Linked List Reversal

Storyboard

In the storyboard programming framework,  the user describes the desired data structure manipulation by providing a Storyboard, i.e. a set of pairs of abstract input-output examples as shown in the figure below. Each of these input-output pairs are called a scenario, and they are abstract because in addition to concrete nodes, they can also contain summary nodes.

The figure presents an intuitive visualization of the input and output configurations describing the list
reversal. Notice that instead of showing a concrete list of a particular size, the scenario uses a summary node mid to represent the middle part of the list, which may vary in size for different runs of the algorithm. Out of all the nodes in the sublist represented by mid, the first and last node deserve special attention because other nodes outside the set mid are going to be pointing to them. We call these special nodes attachment points of the summary node.

The left part of the figure presents the text notation actually used by our system to describe Scenario 1 on the right; the visualization on the right is generated from this description. The storyboard consists of an environment description followed by a sequence of scenario descriptions. The environment description defines the set of variables used in the implementation, the set of fields in the objects that make up the data structure (which are called selectors in the shape analysis literature), and the set of concrete and summary locations. In the list reverse example, the storyboard defines an environment with four program variables head, temp1, temp2 and temp3, one selector corresponding to the field next which points from a Node to another Node, and six concrete locations a, f, e, b, f' and e'. The concrete locations f and e represent the front and end attachment points of the summary
node mid. Similarly, the concrete locations f' and e' represent the attachment points for the summary node mid', where mid' represents the set of nodes whose next pointers have been reversed.

A scenario description defines the state configuration for the input and output states. Each state configuration is comprised of a set of variable predicates, selector predicates and data constraint predicates. The variable predicates of the form var = loc denote that variable var points to location loc. The selector predicates of the form loc1.sel = loc2 denote that the field sel of location loc1 points to location loc2; we denote such predicates as sel(loc1, loc2) borrowing the notation from shape analysis. The state configuration can also define additional constraints involving the data values of the locations using the data constraint predicates.

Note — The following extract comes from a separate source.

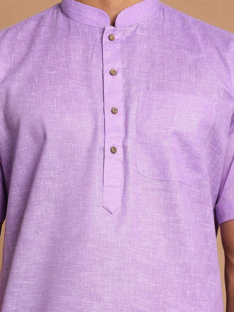 Purple solid above knee length kurta, has a mandarin collar, button placket, short sleeves and side slits
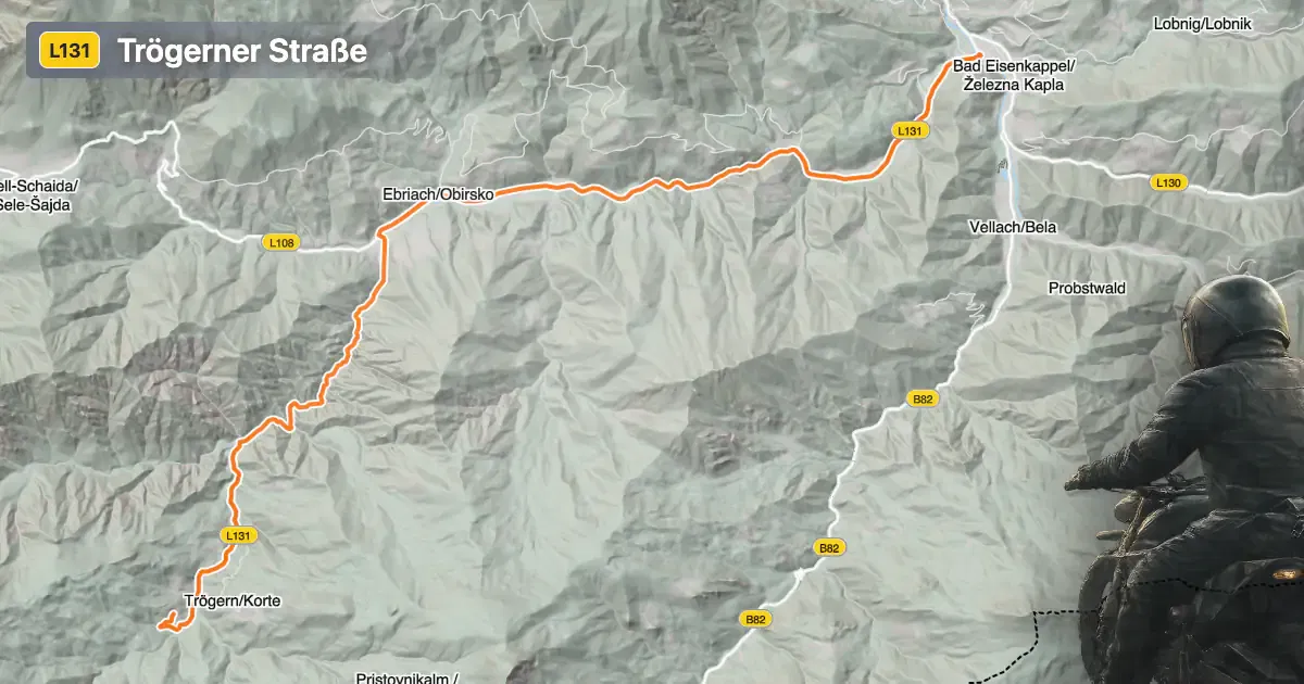 Trögerner Straße is subject to certain restrictions due to its location within a UNESCO Global Geopark and its proximity to protected natural areas. There are no permanent closures for motorcycles reported, but temporary closures may occur due to maintenance, weather conditions, or local events. The road may be closed or have limited access during winter months, especially in case of heavy snowfall or adverse weather, as is common in alpine regions. Riders are advised to check local sources or the Karawanken-Karavanke UNESCO Global Geopark website for up-to-date information on accessibility before planning their trip.

unfold and fold operations for ll reverse
The scenario 1 in the figure uses a summary node to convey that the algorithm should work the same way regardless of how long the list is. However, in the case of linked list reversal, one cannot reason about the algorithm without knowing something about the structure of the set of nodes represented by the summary node mid. In the storyboard language, this structure is conveyed through fold and unfold predicates as shown in the figure below; the graphical visualization of these predicates is illustrated towards the right. These rules describe the recursive structure of the summary nodes in terms of their attachment points. For example, the unfold rule shows two alternatives for the summary node mid: either the attachment points f and e are actually the same node x, and this is the only node in mid, or alternatively f is a node x whose next pointer points to the attachment point f of another mid node. For this example, fold is really just an inverse of unfold and could easily be derived automatically.

Control Flow Skeleton

In addition to the fold and unfold, the framework also requires a skeleton of the looping structure of the desired program as shown in controlflowlinklistreversal. The structure says that the implementation should contain one while loop with some blocks of code before and after it, in addition to the block of code inside. The code produced by the synthesizer will have each of these blocks replaced by a series of conditional assignment statements. The challenge is to derive the assignments that will lead the resulting code to satisfy the storyboard.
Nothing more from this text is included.